Q&A panellist and rapper 360 released a confessional freestyle called "Sorry" to his 876,072 Facebook fans earlier this week, detailing his addiction to Nurofen Plus. It was heavy stuff, set to The xx's instrumental song "Intro".
In the days since, reactions from fans have ranged from celebratory (Fronted up like a man and owned your problems cunt!) to dubious (Try giving up methadone or morph, or even H, codeine is nothing compared to it). For the record, 360 explained his addiction didn't start with over-the-counter medicine, but with "a cocktail of prescription medication" mainly Endone, which is an oxycodone-based painkiller. Allegedly he was prescribed Endone after being injured in a go-carting accident, only to become addicted. He later switched to Nurofen when he was on tour and couldn't get enough Endone.
As a true man of people, 360 got onto the video's Facebook comments to offer personalised addiction advice. "For anyone who is going through addiction and don't know what to do about it. If you have family or really close friends, tell them what's going on, tell them exactly how bad you are, you need their support."

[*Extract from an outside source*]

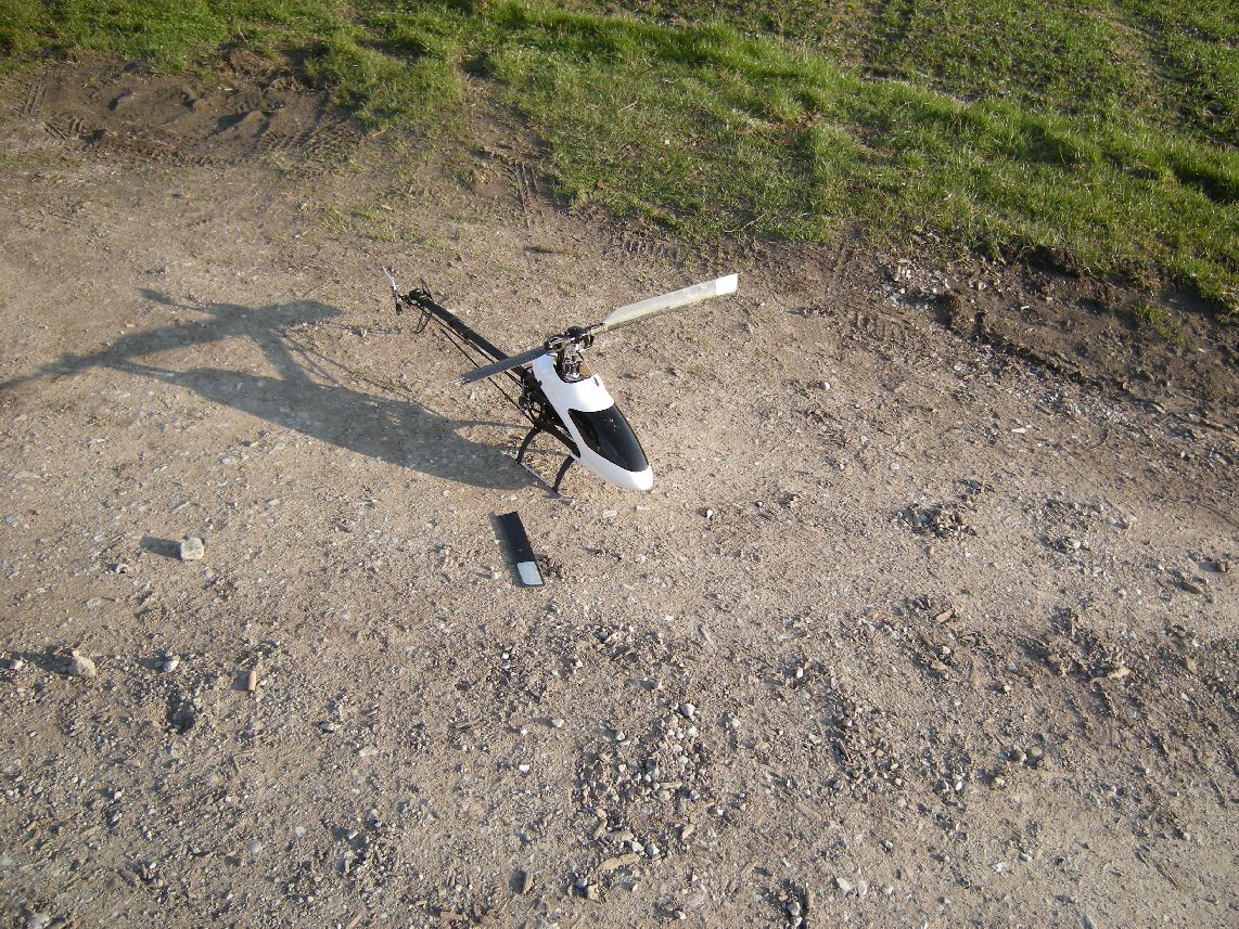 immerhin 42 Flüge nicht runtergekommen (neuer Rekord)... nach Rollen und Loopings sollte heute das Rückenschweben geübt werden... Am Simulator ist ja alles so schön einfach.. Und dann hatte ich irgendwie einen total Aussetzer... Mit etwas mehr negativ Pitch wäre nichts passiert... so gings inverted in den Acker.. Schadensbilanz kA.. Blätter, Heckrohr, Heckrotor, HZR und ein paar abgerissene Kugelpfannen...

In a genuinely impressive move, 360 also followed the track up with directions to crucial support services. "If you're having thoughts of suicide, call lifeline 13 11 14 they are amazing."
Still, "Sorry" has left us with a few lingering questions. Namely, who gets addicted to Nurofen, and what does it do to your body? As in the past we turned to our mate Dr. Freddy Vista for help.
"Dependence tends to develop quite insidiously, over months of gradually escalating regular doses," he explained, defending 360's addiction as nothing unusual. "As with all opioid drugs, most people would form some level of dependence if they took this type of medication regularly for extended periods."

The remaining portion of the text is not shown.